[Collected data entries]
---

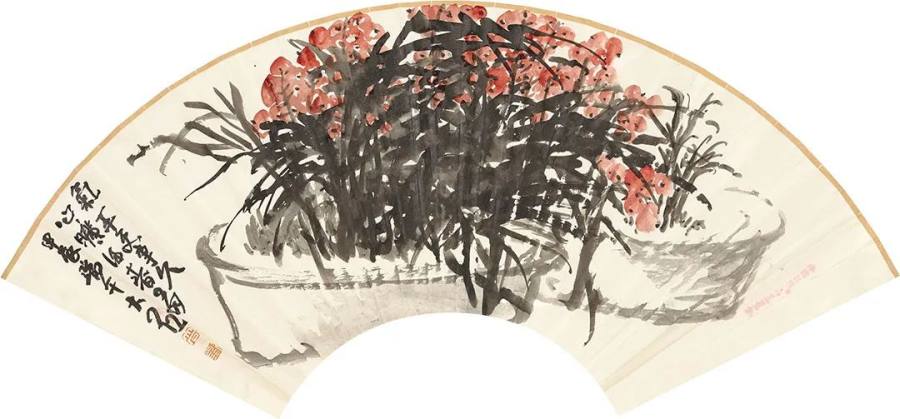 题识:心闲能劫老,花好更觉红。甲辰端午,大石。
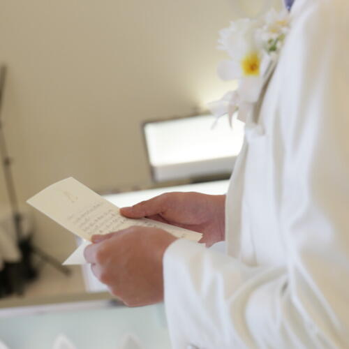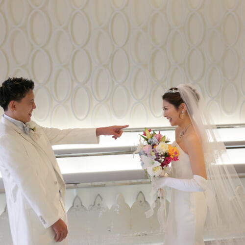 - 一日の始まりはおふたりだけの特別なファーストミートから。ご対面の前にご新婦様からご新郎様へのサプライズのメッセージが贈られました。突然の想いのこもったお手紙に思わず涙がこぼれるご新郎様。そしていよいよ振り向いて顔を合わせた瞬間、涙を流しながらも思わず笑い合うおふたり。これまでの想いとこれから始まる新し人生を確かめ合うあたたかく心に残る時間となりました。
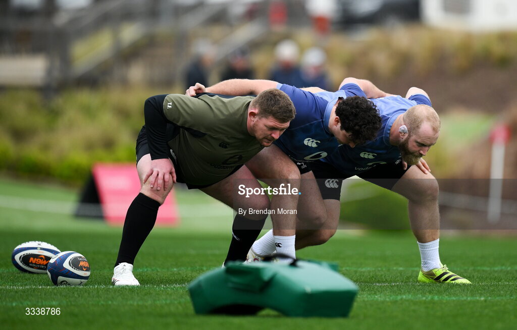 1 February 2026; Tadhg Furlong, Tom Stewart and Jeremy Loughman during an Ireland Rugby squad training session at The Campus in Quinta do Lago, Portugal. Photo by Brendan Moran/Sportsfile
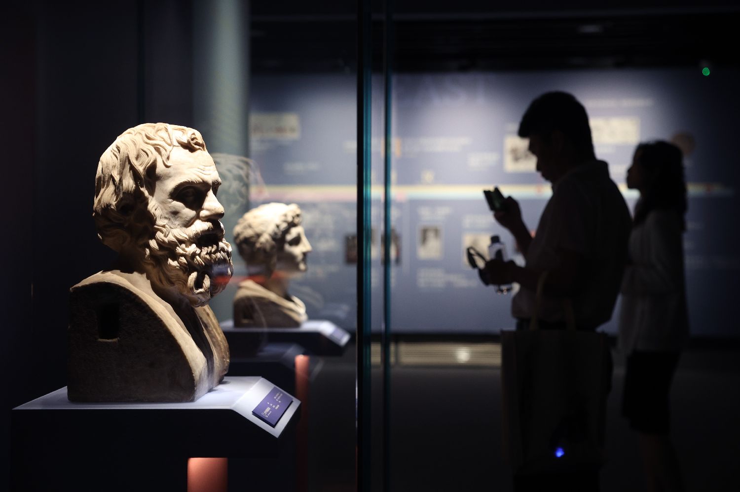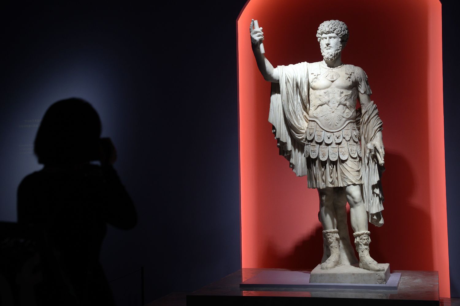 2023年6月12日,大理石作品《穿板甲的路奇乌斯•维鲁斯雕像》吸引参观者驻足拍摄。
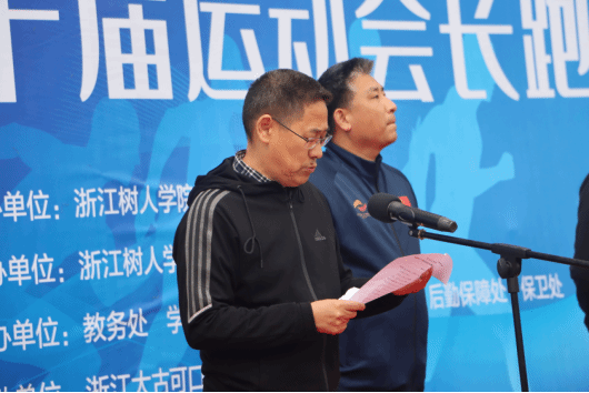 仪式上,副校长陈新民首先代表学校党政领导向全体运动员致辞,希望参加本次冬季长跑比赛的全体运动员弘扬“顽强拼搏、锐意进取、勇往直前、永不止步”的马拉松精神,用速度与激情演绎人生的无限精彩,用奔跑和超越展现树人的青春活力”。来自经济与民生福祉学院的丁一同学代表运动员发言,号召全体同学一起走向操场、走进大自然,迈出矫健的步伐,奏响希望的乐章,在健康道路上不断向前奔跑,实现树大人的青春梦想!
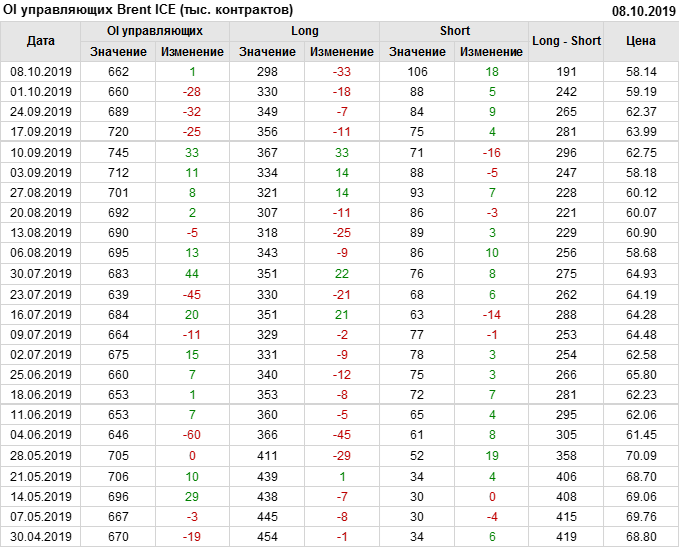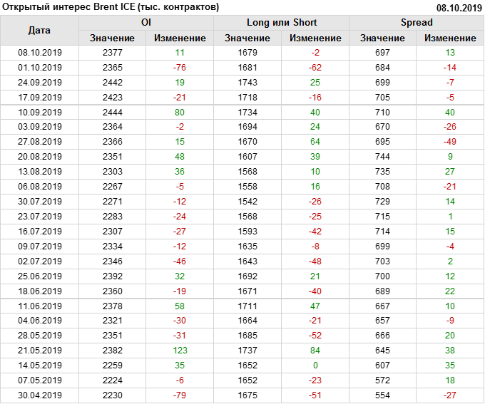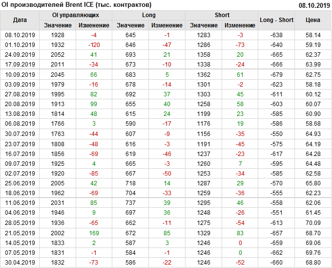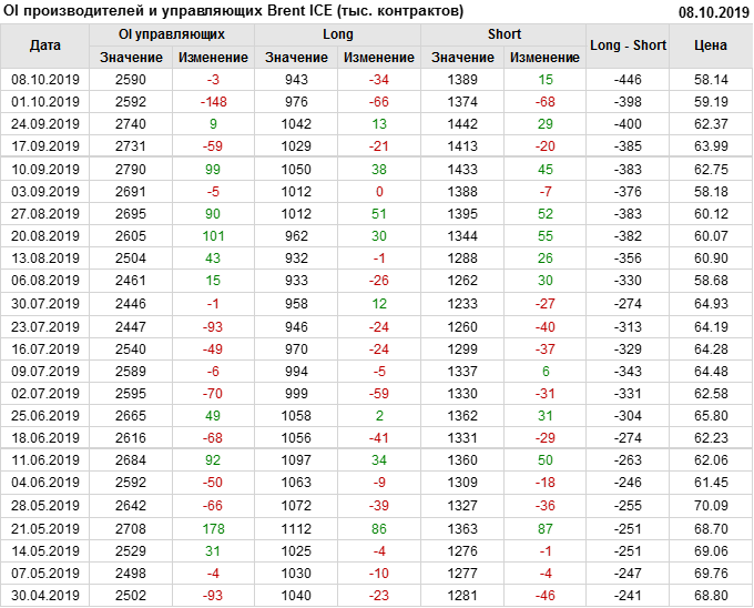 Отчет по открытому интересу. Brent. Биржа ICE на 12.10.2019
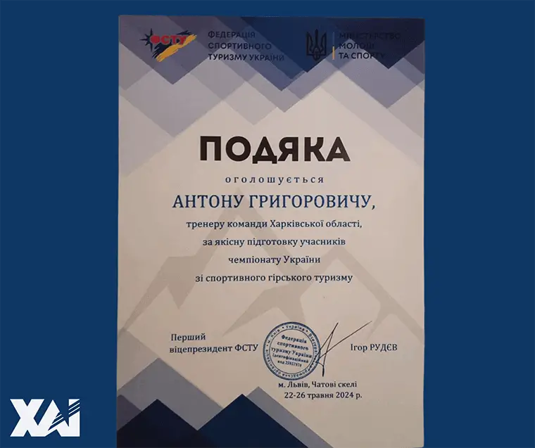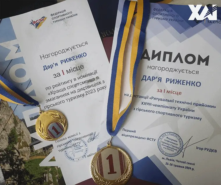 1 місце на дистанції рятувальних технічних прийомів зайняла збірна Харківської області, до складу якої входила член туристського клубу ХАІ Дар'я Риженко. Також Дар'я за підсумками виступів минулого року визнана переможцем у номінації "Найкраща спортсменка року" на змаганнях на дистанції з гірського туризму.
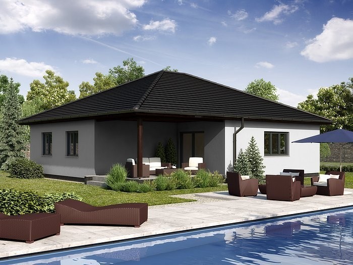Bungalov s užitnou plochou 105 m2 je velice kompaktní a obzvláště vhodný pro čtyřčlenné rodiny
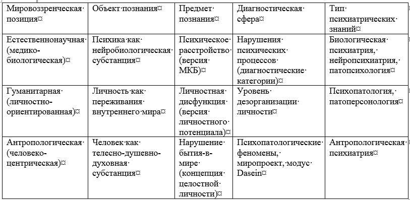 Психиатрия как область знаний о человеке является многослойной сферой познания. Ее рассмотрение не может ограничиваться только психологическими (патопсихологическим) измерениям или нейробиологическим (невропатологическим), или персонологическим (собственно психопатологическим) измерениями. Одномерные подходы к пониманию психиатрии не раскрывают многослойности ее объекта, лишают пациента целостности и многоаспектности его существования, и превращают психиатрию в квазинауку. Предмет подлинной психиатрии это психические расстройства человека, как многослойная антропологическая проблема, охватывающая все слои его бытия.
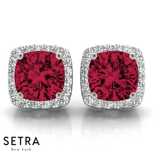 Halo Stud Cushion Cut Ruby & Diamonds 14kt Gold Earrings
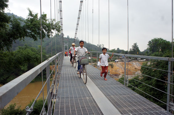 Ông Nguyễn Xuân Quyền, một người dân xóm Tân Yên chia sẻ: Khi biết được đầu tư xây dựng cầu treo của xóm, không riêng gia đình tôi mà bà con ở nơi đây ai cũng vui, tạo điều kiện dọn đường để đơn vị thi công vận chuyển thiết bị và vật tư xây dựng tập kết tại chân công trình. Riêng gia đình tôi, khi chính quyền địa phương vận động hiến đất để xây dựng hai mố cầu, chúng tôi đã hiến 300m2 đất để giúp cho đơn vị thi công sớm hoàn thành đúng tiến độ. Còn ông Hoàng Văn Tý, xóm Đồng Vung phấn khởi cho biết: Trước đây, chúng tôi chỉ được qua sông trong khoảng thời gian từ 6 giờ 30 phút đến khoảng 18 giờ, sau đó mọi hoạt động với bên ngoài phải ngừng lại. Bây giờ thì chúng tôi đi lại lúc nào cũng được. Mấy hôm trước, gia đình tôi nhận cây keo giống về trồng, thay vì đi lại mất cả ngày như trước kia, giờ chỉ cần chở mấy chuyến xe máy là xong, thật tiện lợi vô cùng.
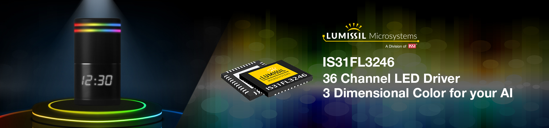 “The IS31FL3246 is not only backward compatible with our popular IS31FL3236A it also incorporates leading edge technology,” said Ven Shan, Vice President of Lumissil. “Its 3-dimensional dimming is a first in the industry giving software developers unprecedented control over RGB LED color mixing.”
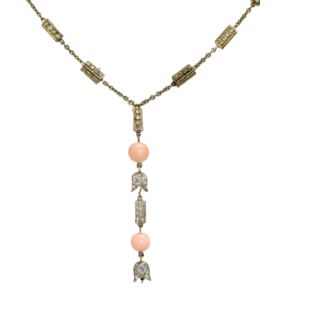 Lilly of the Valley on Rolo Chain with Diamonds & Angel Skin Coral Necklace Designed & Handmade by Kaufmann de Suisse in 18kt White Gold featuring 130 Rround Brilliant Cut G/SI Quality Diamonds weighing a total of 1.32cts and 2 x 7mm Angel Skin Coral Beads, 2.25 inch drop
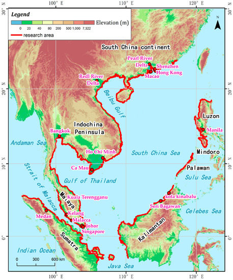 The research area focused on the coasts of the South China Sea, Gulf of Thailand, and the Strait of Malacca. The total length of the coast is 29,022 km. In addition to continental coastline, only land-tied islands and very large islands (area > 3000 km2) were taken into consideration in this thesis. The lengths of the coastline in countries are shown in Table 1. In China, Guangdong Province, Guangxi Province, and Hainan Province were included in the statistics. In Thailand, the coast on the Gulf of Thailand was considered. For Indonesia, it included some coasts of Sumatra and Kalimantan. For the Philippines, it included the west coasts of Luzon, Mindoro, and Palawan.
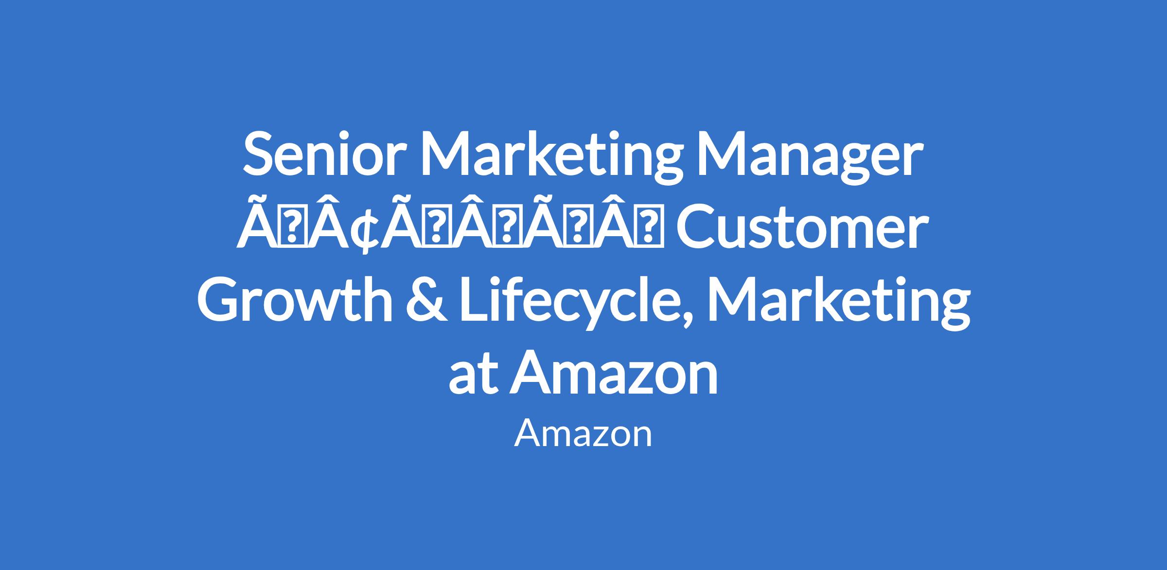 Senior Marketing Manager âÃÂàCustomer Growth & Lifecycle, Marketing at Amazon

---

Starting with the line above that holds "1 місце на дистанції", restate each line word for word up to and including the line that holds "Halo Stud Cushion". Drop the pictures.

 1 місце на дистанції рятувальних технічних прийомів зайняла збірна Харківської області, до складу якої входила член туристського клубу ХАІ Дар'я Риженко. Також Дар'я за підсумками виступів минулого року визнана переможцем у номінації "Найкраща спортсменка року" на змаганнях на дистанції з гірського туризму.
Bungalov s užitnou plochou 105 m2 je velice kompaktní a obzvláště vhodný pro čtyřčlenné rodiny
 Психиатрия как область знаний о человеке является многослойной сферой познания. Ее рассмотрение не может ограничиваться только психологическими (патопсихологическим) измерениям или нейробиологическим (невропатологическим), или персонологическим (собственно психопатологическим) измерениями. Одномерные подходы к пониманию психиатрии не раскрывают многослойности ее объекта, лишают пациента целостности и многоаспектности его существования, и превращают психиатрию в квазинауку. Предмет подлинной психиатрии это психические расстройства человека, как многослойная антропологическая проблема, охватывающая все слои его бытия.
 Halo Stud Cushion Cut Ruby & Diamonds 14kt Gold Earrings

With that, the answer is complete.